Motion for Interlocutory Appeal
A district court has the discretion to grant permission to a party to appeal a non-final order if: (1) the challenged directive "involves a controlling question of law"; (2) a "substantial ground for difference of opinion" exists regarding the correctness of the decision; and, (3) an immediate appeal "may materially advance the ultimate termination of the litigation." 28 U.S.C. § 1292(b). The Sixth Circuit Court of Appeals has advised that interlocutory review should be "granted sparingly and only in exceptional cases." In re City of Memphis, 293 F.3d 345, 350 (6th Cir. 2002).
A decision "involves a controlling question of law" if "resolution of the issue on appeal could materially affect the outcome of litigation in the district court." In re Baker & Getty Fin. Services, Inc., 954 F.2d 1169, 1172 n. 8 (6th Cir. 1992). Sixth Circuit law establishes that " 'substantial grounds for difference of opinion' exist only when there is conflicting authority on an issue." Serrano v. Cintas Corp., Nos. 04-40132, 06-12311, 2010 WL 940164, at *3 (E.D. Mich. Mar.10, 2010) (citing In re City of Memphis, 293 F.3d at 350-51). District courts in this Circuit have held that this occurs where: (1) an issue is difficult and of first impression; (2) a difference of opinion exists within the controlling circuit concerning the issue; or, (3) the circuits are split on the issue. Id. (citing Gaylord Entm't. Co. v. Gilmore Entm't. Grp., 187 F. Supp. 2d 926, 956 (M.D. Tenn.2001)).
The Court does not believe that there is a controlling question of law or one that, if resolved, could materially advance the ultimate termination of this litigation. As this Court stated in its March 16, 2016 decision, even if Plaintiff must show an adverse action to prevail on her § 1981 and ELCRA claims, the facts of this case are such that it is a jury question whether the terms and conditions of her employment were altered as a result of her encounter with a racist patient and Defendant's response to the patient.

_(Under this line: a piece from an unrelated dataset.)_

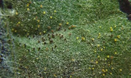 The initiation of cleistothecia sees the asexual sporulation stop in powdery mildew colonies. Once initiated, cleistothecia start out white, turn yellow, brown then finally black and once there is necrosis of the anchoring hyphae they are considered mature. Erysiphe necator cleistothecia can contain up to 36 ascospores. Once detached, the fruiting bodies are dispersed by rain splash onto bark, trunk, leaf litter and soil. Ascospore survival is consistently higher in exfoliating bark.
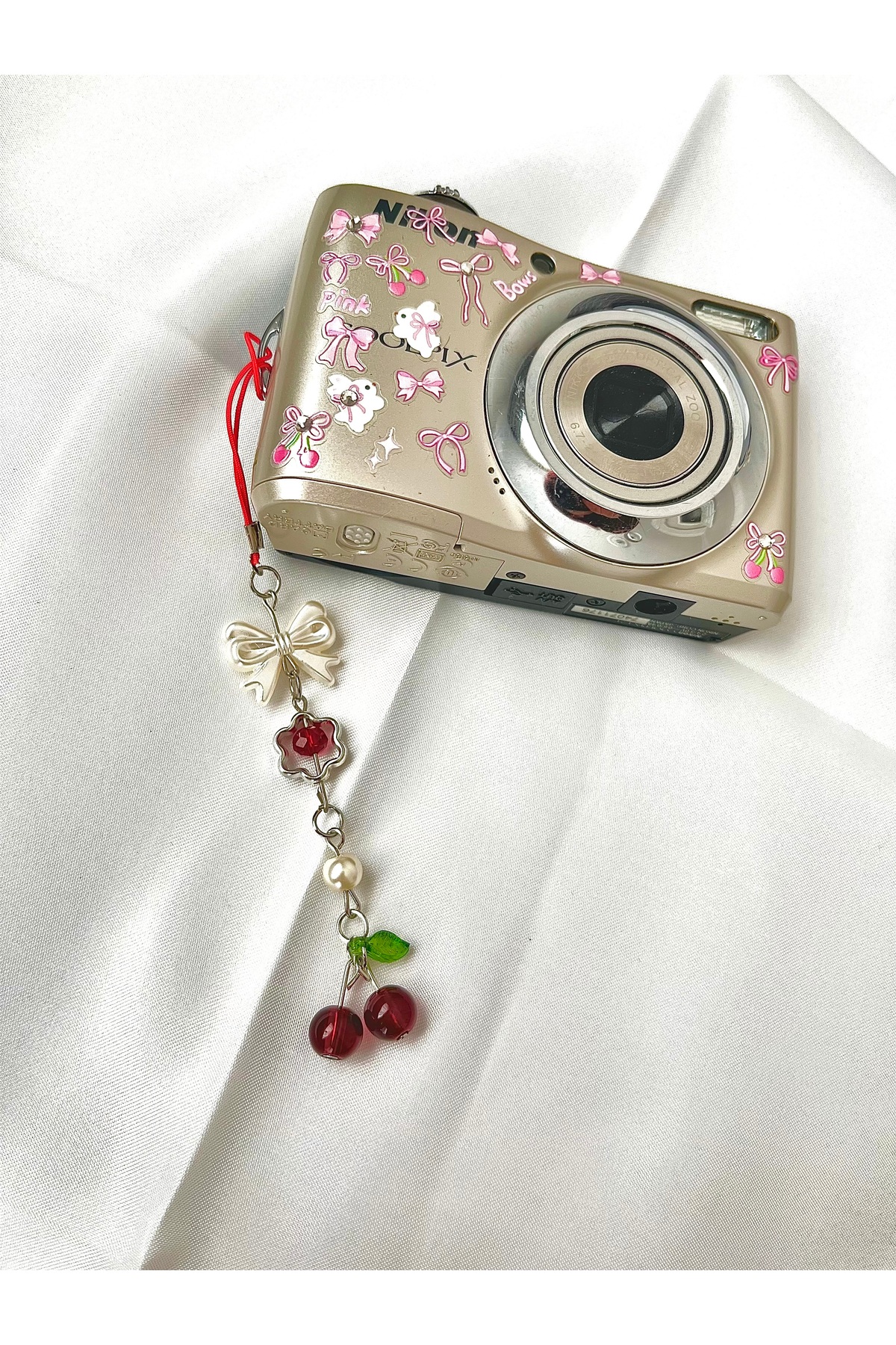 bohemian takı tasarim Kirazlı Coquette Telefon Charmı Kamera Charmı ürünü ucuz fiyat, hızlı kargo imkanı ile hemen sitemizden sipariş verin.

This factual dispute renders interlocutory appeal inappropriate.
Accordingly,
IT IS ORDERED, that Defendant's Motion for Reconsideration or, in the Alternative, Motion to Certify an Order for Interlocutory Appeal is DENIED.
s/ Linda V. Parker
LINDA V. PARKER
U.S. DISTRICT JUDGE Dated: May 19, 2016 I hereby certify that a copy of the foregoing document was mailed to counsel of record and/or pro se parties on this date, May 19, 2016, by electronic and/or U.S. First Class mail.